Ahora, eso sería una blasfemia.
Cuando ibas a comprar tenías que llevar esos billetes de papel, aunque cuando yo tenía nueve o diez años la mayoría de la gente usaba tarjetas de plástico. Pero no para comprar en las tiendas de comestibles, eso fue después. Parece tan primitivo, incluso totémico, como las conchas de cauri. Yo misma debo de haber usado ese tipo de dinero durante algún tiempo, antes de que todo pasara por el Compubanco.
Me imagino que eso es lo que posibilitó las cosas, el hecho de que lo hicieran de repente, sin que nadie lo supiera con antelación. Si aún hubiera existido el dinero en efectivo, habría resultado más difícil.
Fue después de la catástrofe, cuando le dispararon al presidente y ametrallaron el Congreso, y el ejército declaró el estado de emergencia. En aquel momento culparon a los fanáticos islámicos.
Hay que mantener la calma, aconsejaban por la televisión. Todo está bajo control.
Yo estaba anonadada. Como todo el mundo, ya lo sé. Era difícil de creer. El gobierno entero desaparecido de
ese
modo. ¿Cómo lo lograron, cómo ocurrió?
Fue entonces cuando suspendieron la Constitución. Dijeron que sería algo transitorio. Ni siquiera había disturbios callejeros. Por la noche la gente se quedaba en su casa mirando la televisión y esperando instrucciones. Ni siquiera existía un enemigo al cual denunciar.
Ten cuidado, me advirtió Moira por teléfono. Se acerca.
¿Qué es lo que se acerca?, le pregunté.
Espera y verás, repuso. Lo tienen todo montado. Tú y yo terminaremos en el paredón, querida. Estaba citando una frase típica de mi madre, pero no pretendía resultar graciosa.

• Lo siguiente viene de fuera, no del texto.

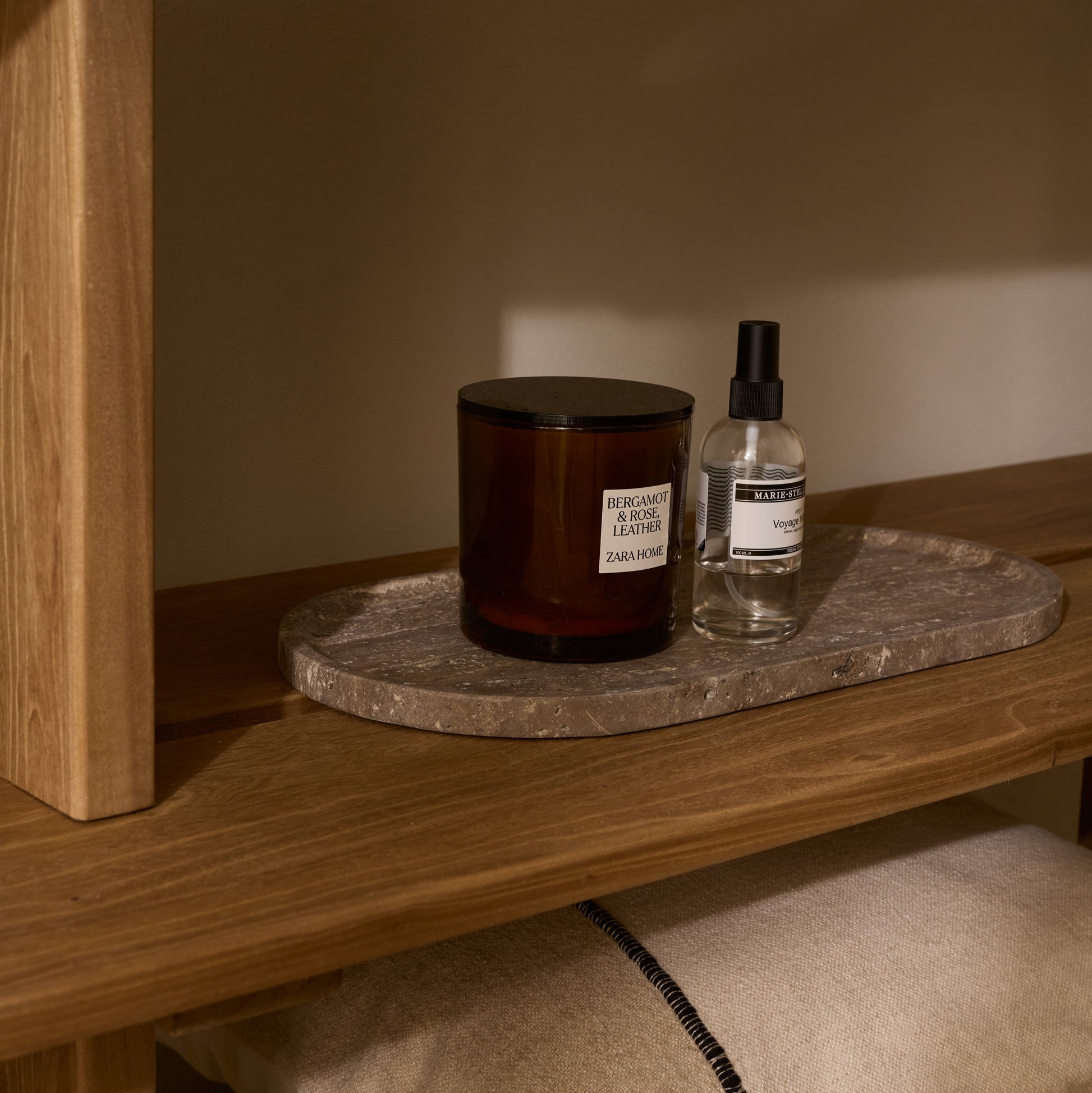 A grand titanium travertine round tray that becomes the centerpiece of any room. Cut from a single natural slab and polished smooth. Its generous diameter makes it perfect for a coffee table, dining table, or console. Every piece is unique.

Las cosas continuaron durante semanas en ese estado de suspensión momentánea, aunque en realidad algo ocurrió. Los periódicos fueron sometidos a censura y algunos quedaron clausurados, según dijeron por razones de seguridad. Empezaron a levantarse barricadas y a aparecer los pases de identificación. Todo el mundo lo aprobó, dado que resultaba obvio que ninguna precaución era excesiva. Dijeron que se celebrarían nuevas elecciones, pero que llevaría algún tiempo prepararlas. Lo que hay que hacer, declararon, es continuar como de costumbre.
Sin embargo, se clausuraron las tiendas porno y dejaron de circular las furgonetas de Sensaciones sobre Ruedas y los Buggies de los Bollos. A mí no me dio pena que desaparecieran. Ya sabíamos que eran una tontería.
Ya era hora de que alguien hiciera algo, dijo la mujer que estaba detrás del mostrador de la tienda donde yo solía comprar los cigarrillos. Estaba en una esquina y pertenecía a una cadena de quioscos en los que vendían periódicos, golosinas y cigarrillos. La vendedora era una mujer mayor, de pelo canoso, de la generación de mi madre.